What is the desert?

We explain what the desert is and the different climates that predominate in this biome. In addition, the flora and fauna that it can host.

  1. What is the desert?

Desert is understood as a bioclimatic landscape (or biome ) characterized by its very low precipitation rates  (rains) and therefore very narrow margins of humidity , which translates into dry climates, extreme temperatures and arid soils.

Traditionally  they have been thought of as places devoid of life , although this is not necessarily so: there is a flora (xerophilous) and a fauna (and also human populations) that has adapted to these harsh living conditions.

Currently the deserts  occupy almost a third of the surface of our planet , which represents a total area of ​​more or less 50 million km2, of which 53% correspond to hot deserts (such as the Sahara) and the rest to frozen deserts (like Antarctica).

They are distributed throughout the five continents, the best known regions being those of North Africa, northern Mexico, the Russian tundra, the icy plains of Greenland and Alaska, as well as northern Chile and the southern Argentina

In the deserts,  wind erosion (wind) and solar radiation tend to be very intense, so the soil is usually sandy, stony or rocky ; and in the case of the polar deserts of the Antarctic, it is constituted by a dense layer of frozen soil (permafrost). The degree of intensity of these factors will depend on many desert characteristics, such as the type of sand formed or the climatic dynamics that it presents.

  1. Desert climate

Deserts with arid climate have annual rainfall between 25 and 250 mm.

It is possible to recognize three different climatic types in the deserts, according to their average annual rainfall, which in any case is usually lower than in the rest of the regions of the planet. Can we talk about:

  • Climate s emiárid or s (estepari or s) . They have an average of 250 to 500 mm of rain per year and constitute 15% of the Earth’s surface. They are usually found only at the outer edges of the deserts proper.
  • Climes a rid s . With annual rainfall between 25 and 250 mm (maximum), they cover 16% of the planet’s surface and are found in the bulk of known deserts.
  • Climate  iperárid or s . The drought in these regions is such that it does not usually rain for years. Luckily they make up only 4% of the planetary surface, and are limited to polar deserts (too icy for liquid water ) or to the very heart of large warm deserts.

Desert temperatures tend to be extreme, with huge thermal variation between day and night. In the hot deserts a maximum of more than 40 degrees Celsius can be recorded  during the day and at night descend below zero .
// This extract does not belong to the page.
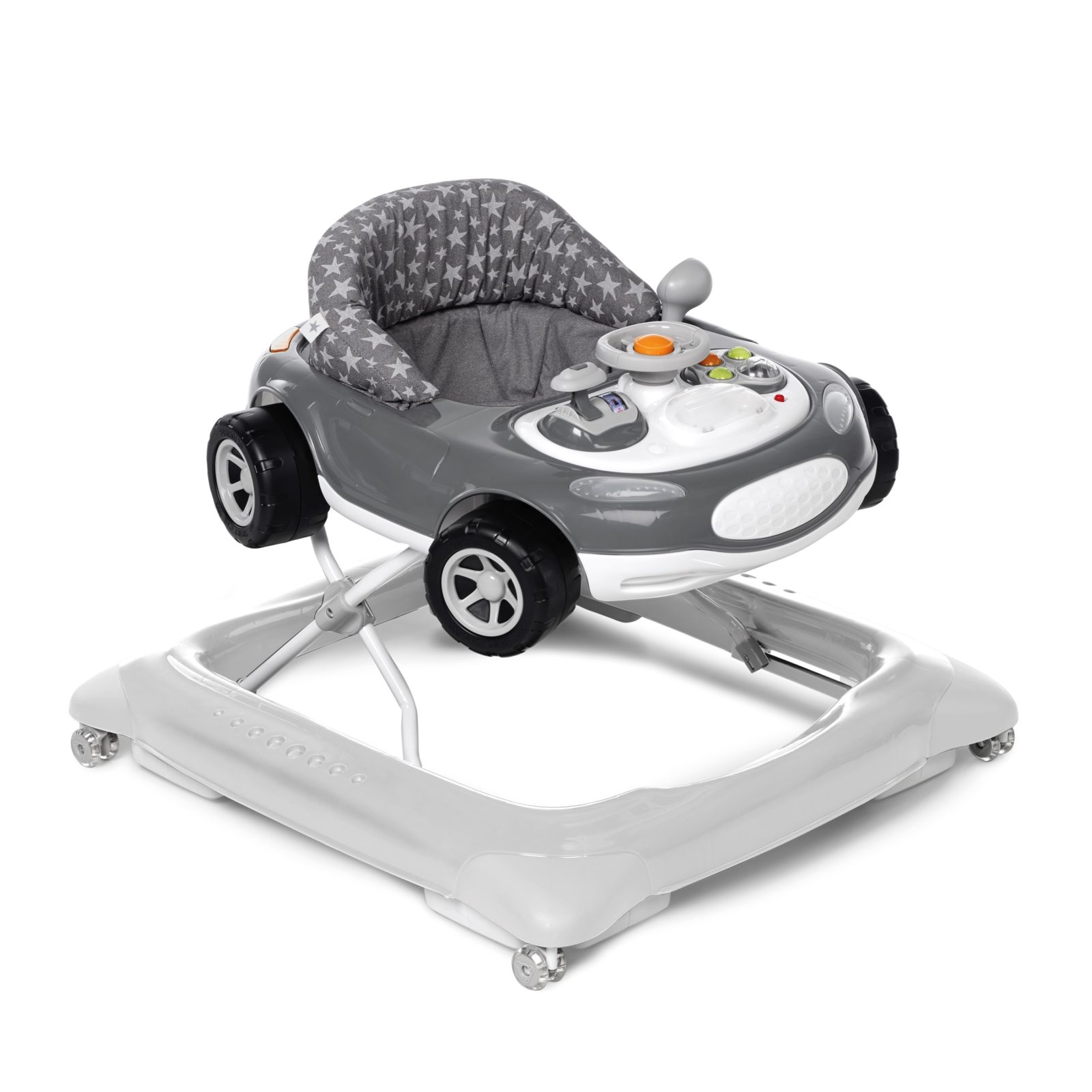 Hodalica Auto Sport bit će zabavno pomagalo u bebinim prvim koracima i prvim pokušajima istraživanje okoline. Ona ima posebno dizajnirane silikonske kotačiće koji ju čime izuzetno tihom, udobnom i jednostavnom za upravljanje. Silikonski kotačići idealni su za osjetljive površine kao što je parket jer neće stvarati oštećenja.
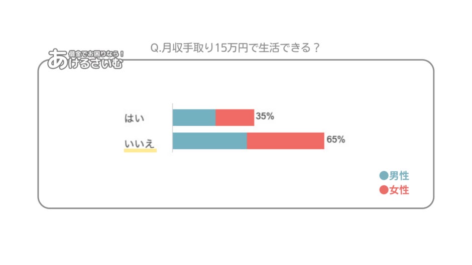 さて、本アンケートの大きなテーマである「月収手取り15万円で生活できる?」という質問に対し、全体の約65%は「月収手取り15万円では生活できない」と回答。

If we refer to polar deserts, the temperature always remains very low (around -40 ° C) and depending on the stationary cycle it can rise during the summer to almost 0 ° C.

  1. Desert plants

The flora of the deserts is very particular, and in principle scarce, due to the very low humidity indices: without water it is impossible to carry out photosynthesis .

However, life has adapted to such adverse conditions: xerophilous vegetation  has a predominance of prickly, fleshy and resistant plants , similar to the cactus (cactus), with large storage capacity of the water received. From the rest weeds predominate and, in the best case, shrubs of short stature.

In the eventual oases, on the other hand, the enriched water allows a greater proliferation of plant life, and it is possible to observe palm trees and bushes of greater height, including fruit trees such as dates or coconut.

  1. Desert animals

Camels have a very high resistance to drought.

Contrary to what one used to think, there are animals in the desert, adapted to the environment and concentrated on the preservation of their body moisture.

In the hot deserts, reptiles (snakes, lizards), insects (ants, beetles) and arachnids (scorpions, spiders) abound. There are also  numerous desert rodents, which take refuge in burrows to get away from the daytime sun , from which they emerge only at night when everything cools. They feed on birds of prey and scavengers. Finally, it is possible to find camelids (camels, dromedaries) of very high drought resistance.

The frozen deserts, on the other hand, are less generous with life, and apart from mosses and bacterial life, there aren’t usually too many animals. In the outermost regions of the same, on the other hand, it is possible to find polar fauna: bears, seals and other mammals with insulated skin and a lot of stored fat, killer whales and whales, and fish, plankton and penguins that make them food.